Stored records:
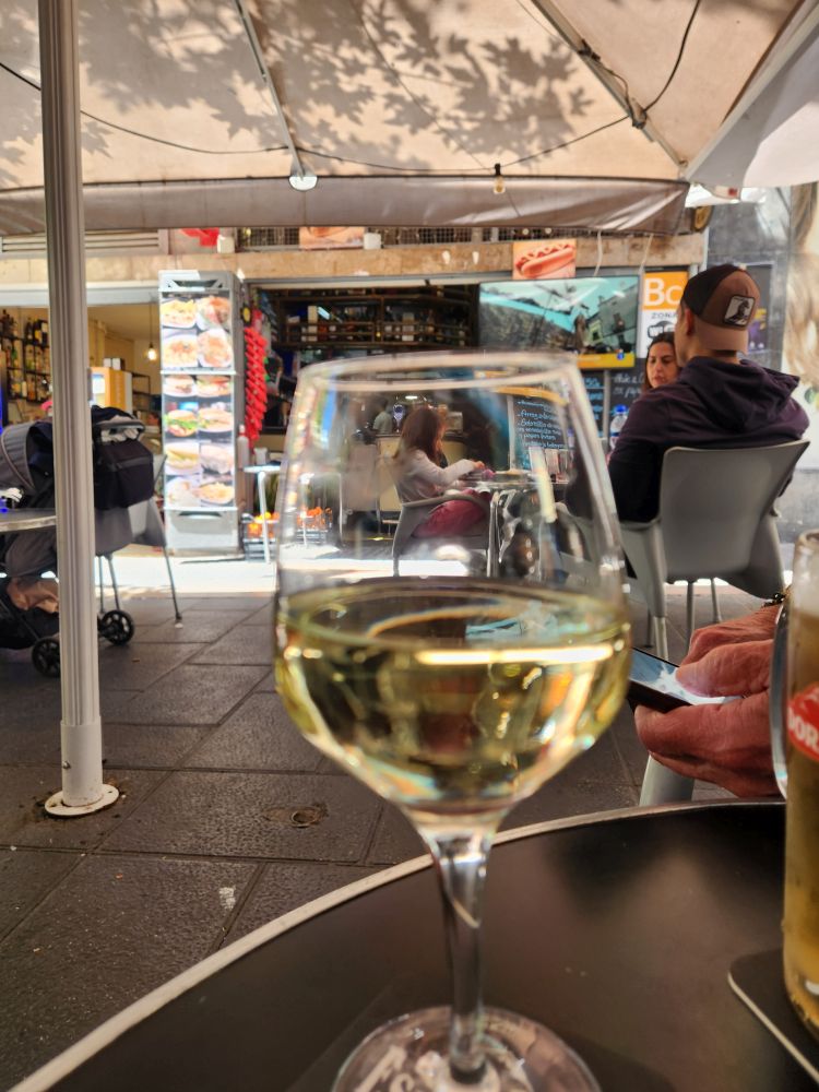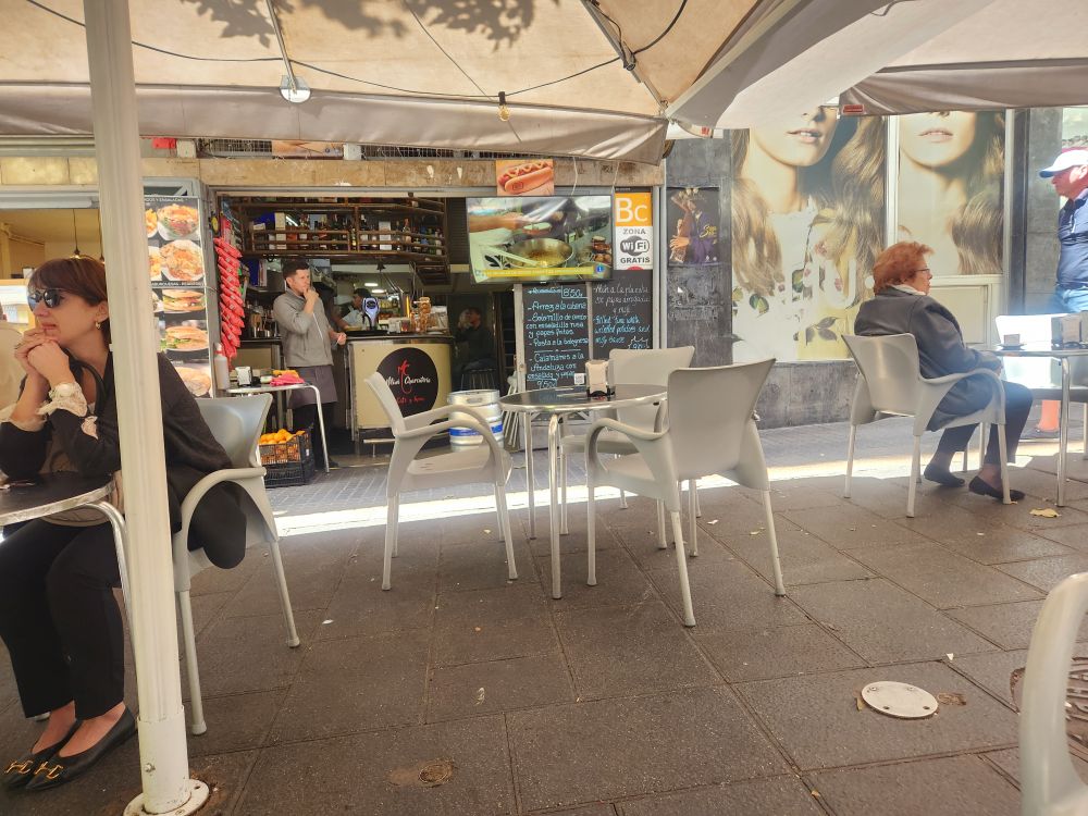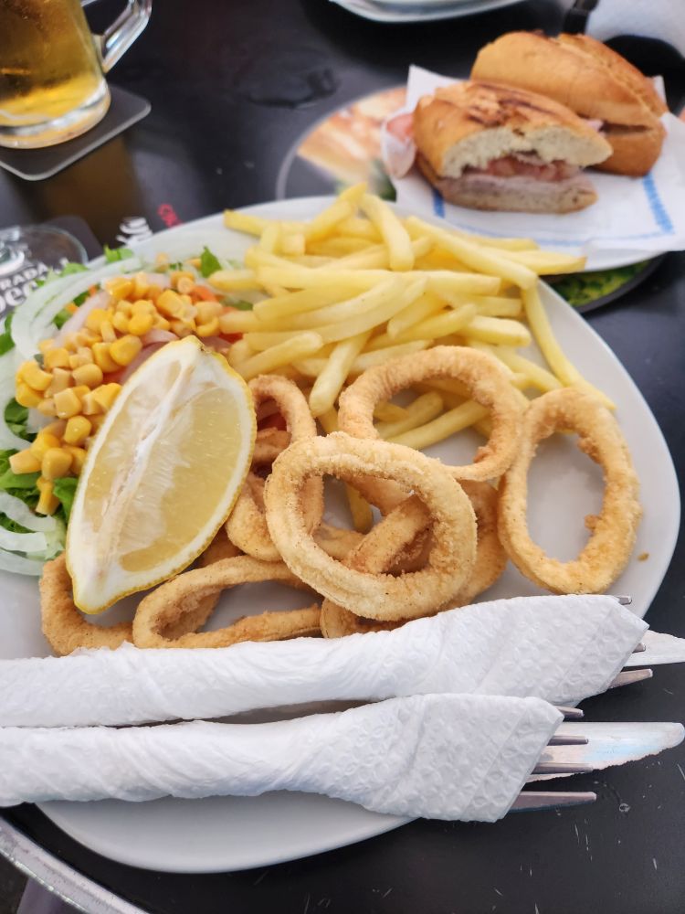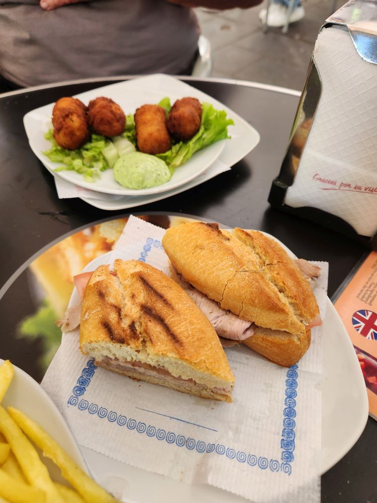 After the procession passes, we wander through the streets of Santa Cruz, looking for a place to eat. There are plenty to choose from, and we know we have to choose something quick before the hordes of procession watchers descend. We settle on Mini Charcutería Café y Tapas – on a side street in the middle of town. Scoring a table outside under the broad tarp, we settle down to order the daily special – Calamares ala Andaluza con ensalada y papas as well as croquetas pollo and Pluga pata canaria, a montadillo (small sandwich) filled with Canarian pork. Yum.
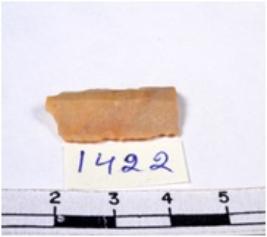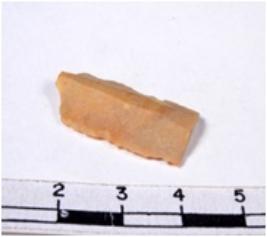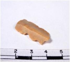 | Description / विवरण | A fragment of a rectangular shaped chert blade showing dorsal sides with sharp cutting edges having smooth surface and triangular section. |
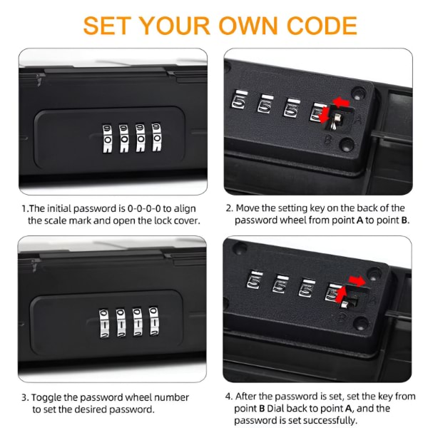 Vaše vrijednosti su sigurne sa SAFORY kutijom s bravom koja ima 4-znamenkasti kod s do 10.000 mogućih kombinacija – mnogo sigurnije od tipičnih modela s 3 znamenke. Mirni ste, bez obzira na to gdje se nalazite.
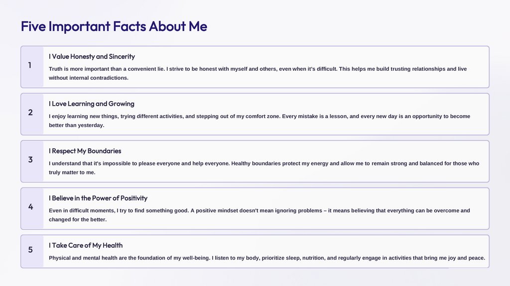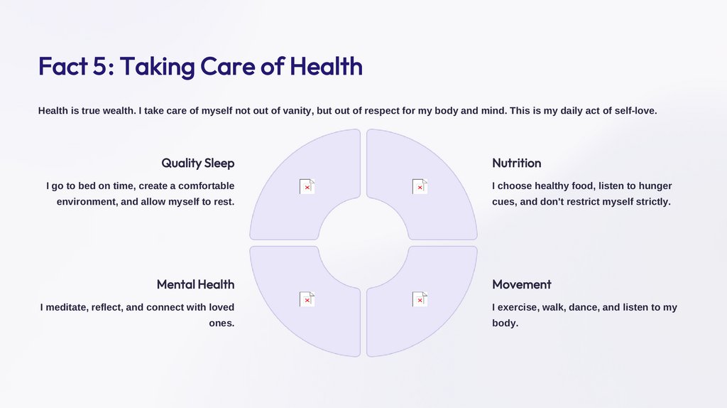 Fact 5: Taking Care of HealthHealth is true wealth. I take care of myself not out of vanity, but out of respect for my body and mind. This is my daily act of self-love.
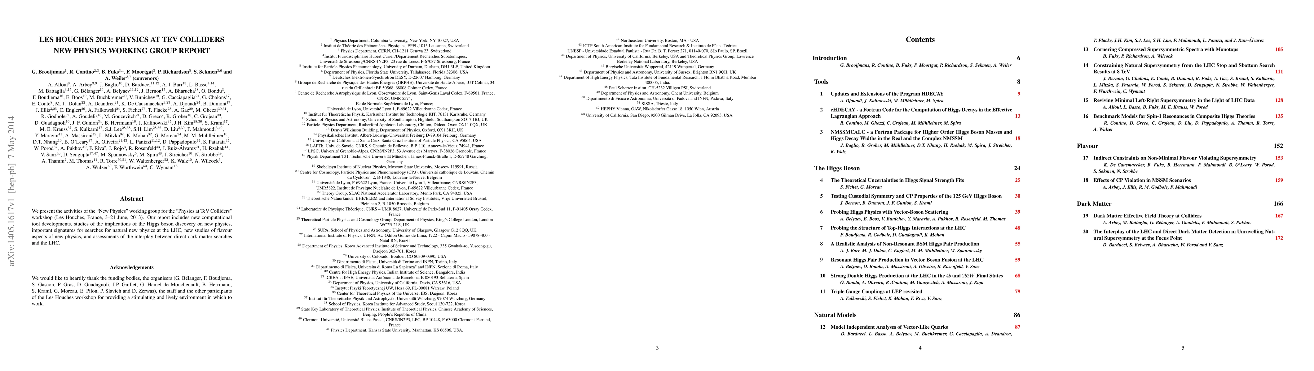 We present the activities of the "New Physics" working group for the "Physics at TeV Colliders" workshop (Les Houches, France, 3--21 June, 2013). Our report includes new computational tool developments, studies of the implications of the Higgs boson discovery on new physics, important signatures for searches for natural new physics at the LHC, new studies of flavour aspects of new physics, and assessments of the interplay between direct dark matter searches and the LHC.
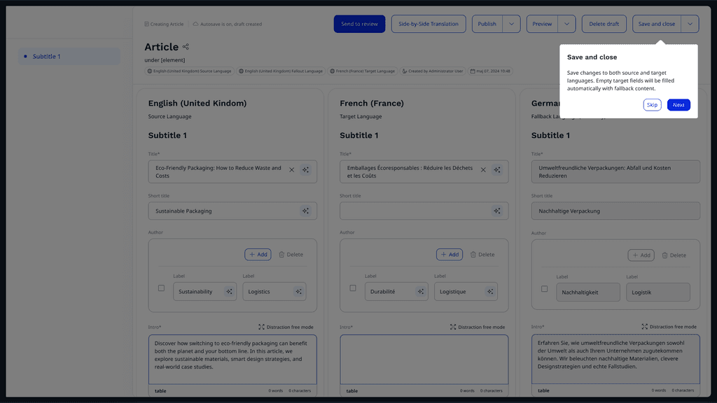 Side-by-Side Translation – intuitive multilingual editing in CMS
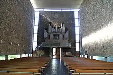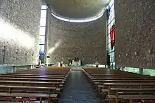 Johannes Krahn, who built several churches and early skyscrapers such as the Beehive House in Frankfurt am Main, designed a space recalling elements of an early Romanesque Basilica. In a simple shape, a single long nave is concluded by a semicircle choir around the altar. The outer walls are sandstone, visible both inside and outside.[1] Light flows in from bands of windows.[1] The combination of materials has been compared to Le Corbusier. The building recalls the austere style of sacred architecture of the 1950s.[1]
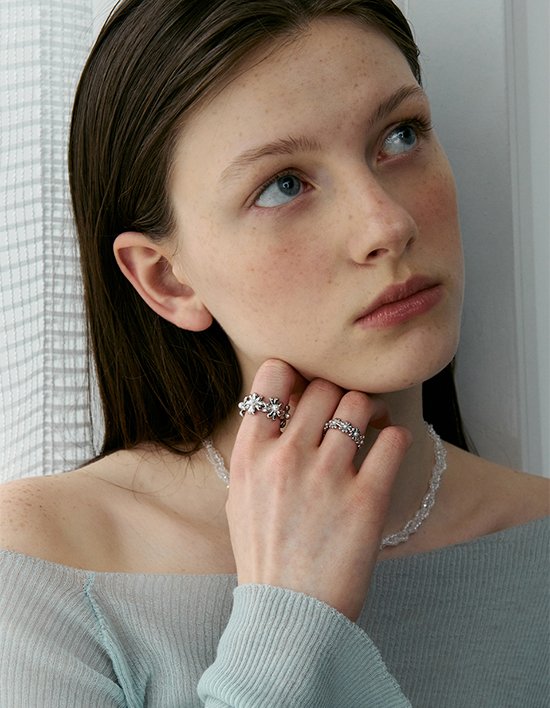 데이지 꽃 형태를 단순화하여 배열한 디자인으로 심플한 쉐입이지만 중앙에 세팅된 장식이 꽃의 싱그러운 무드를 살려주어 화사하게 착용할 수 있는 아이템

→ **EXERCISE DIRECTIONS**:
The output is the stretch above from the line with "Vaše vrijednosti su" through the line with "Fact 5: Taking", copied word for word with both ends kept and every picture dropped.

→ **ANSWER SPACE**:
 Vaše vrijednosti su sigurne sa SAFORY kutijom s bravom koja ima 4-znamenkasti kod s do 10.000 mogućih kombinacija – mnogo sigurnije od tipičnih modela s 3 znamenke. Mirni ste, bez obzira na to gdje se nalazite.
 Fact 5: Taking Care of HealthHealth is true wealth. I take care of myself not out of vanity, but out of respect for my body and mind. This is my daily act of self-love.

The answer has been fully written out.